SW: 1987. I was 26 years old.

GC: Was it a shock? I mean you were already working with Stephanie Mills.

SW: Actually that was in 1981-82. I went back to school, and then stayed in Richmond for a while, and then moved to New York. But I had been making periodic trips to New York. And also I was playing with the band Out Of The Blue. Kenny Garrett had contacted me and told me that the alto chair was open in that band. So I was already working some. But yes, it was a shock because in Richmond, I worked constantly, but when I moved to New York at first there was very little work off the bat. Out of the Blue wasn't working that much, it was kind of the end of their run. But I just networked for a while and it started to snowball.
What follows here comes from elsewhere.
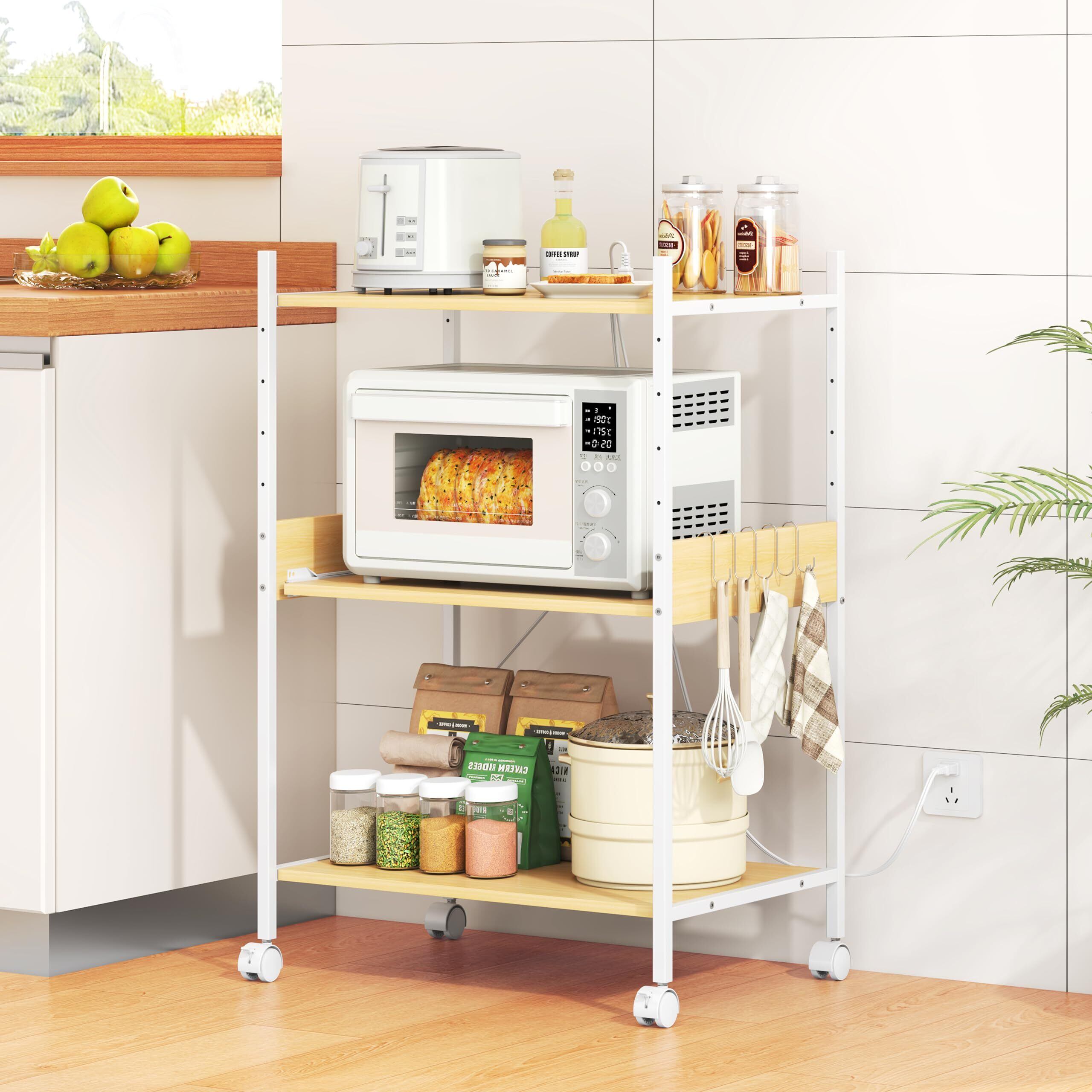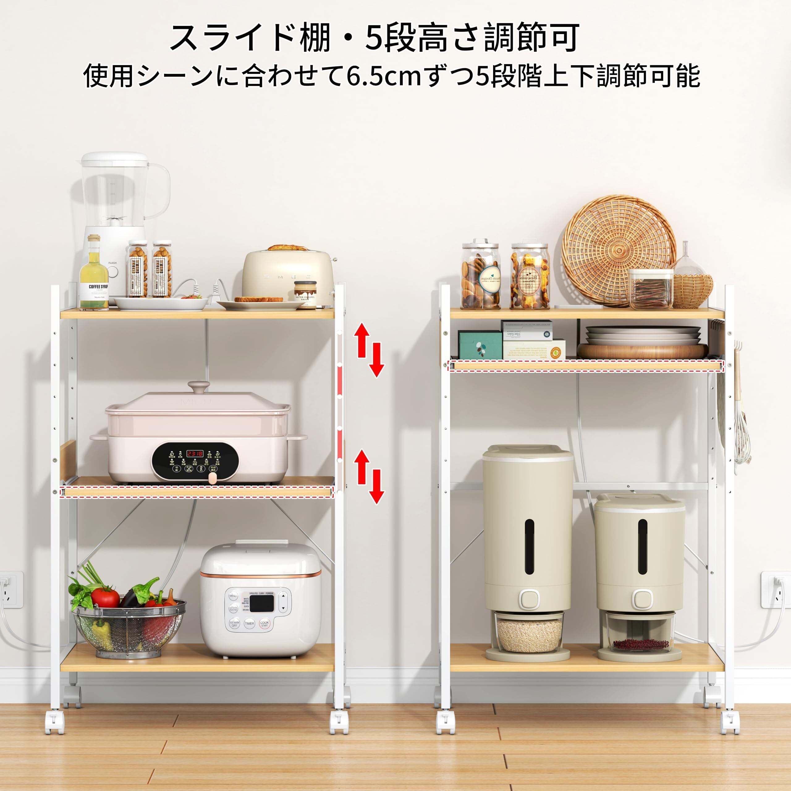 LunarLight レンジラック レンジ台 幅60奥行44高さ90cm コンセント付き 耐荷重112kg キッチン棚 スライド棚・高さ5段調節可能 大型レンジ対応 キャスター付き移動式とアジャスト付き固定式2機能 サイドパネル付き キッチン収納 オーペンラック おしゃれ 頑丈 スリム Sフック 強度安定 錆び防止 耐摩耗性 防水性 耐熱性機能 (ナチュラル, 幅60×奥行44×高さ90cm)

GC: It seemed to me for a while you were with every band out there. I saw you playing in Geoffrey Keezer's band, James Williams band, Ralph Peterson's band, Buster Williams band. Did you ever play with Art Blakey and The Jazz Messengers?

SW: No, I never did. I played with him once in Mount Fuji in Japan, with the Art Blakey Big Band, but I was never in the Messengers.

GC : It's probably impossible to plan on having a career as illustrious as yours, but what would tell a young musician who aspires to this kind of sideman career, especially as a non-rhythm section player?

SW: Ironically, my three main role models in my first years in New York were drummer Victor Lewis, bassist Ray Drummond, and pianist Kenny Barron. And the reason was that that those guys worked every week in New York, either collectively or in other configurations. If you picked up the newspaper, you would see those guys playing with somebody every week. And I went to see them play with bands, and I realized that the reason that they were so in demand was that they made everyone they played with sound good! They could fit into any situation and make it work and also keep their own identity as well. It's ironic that rhythm sections players were my inspiration in that respect. I mea, there were horn player that inspired me as well, of course.

Did I plan on the career that I have had? No, I moved to New York thinking that maybe I would be here for a year and then I would have to leave. I never thought that things would turn out the way they did. I tell people that I've been here for 23 years, and this is the longest year I've spent anywhere!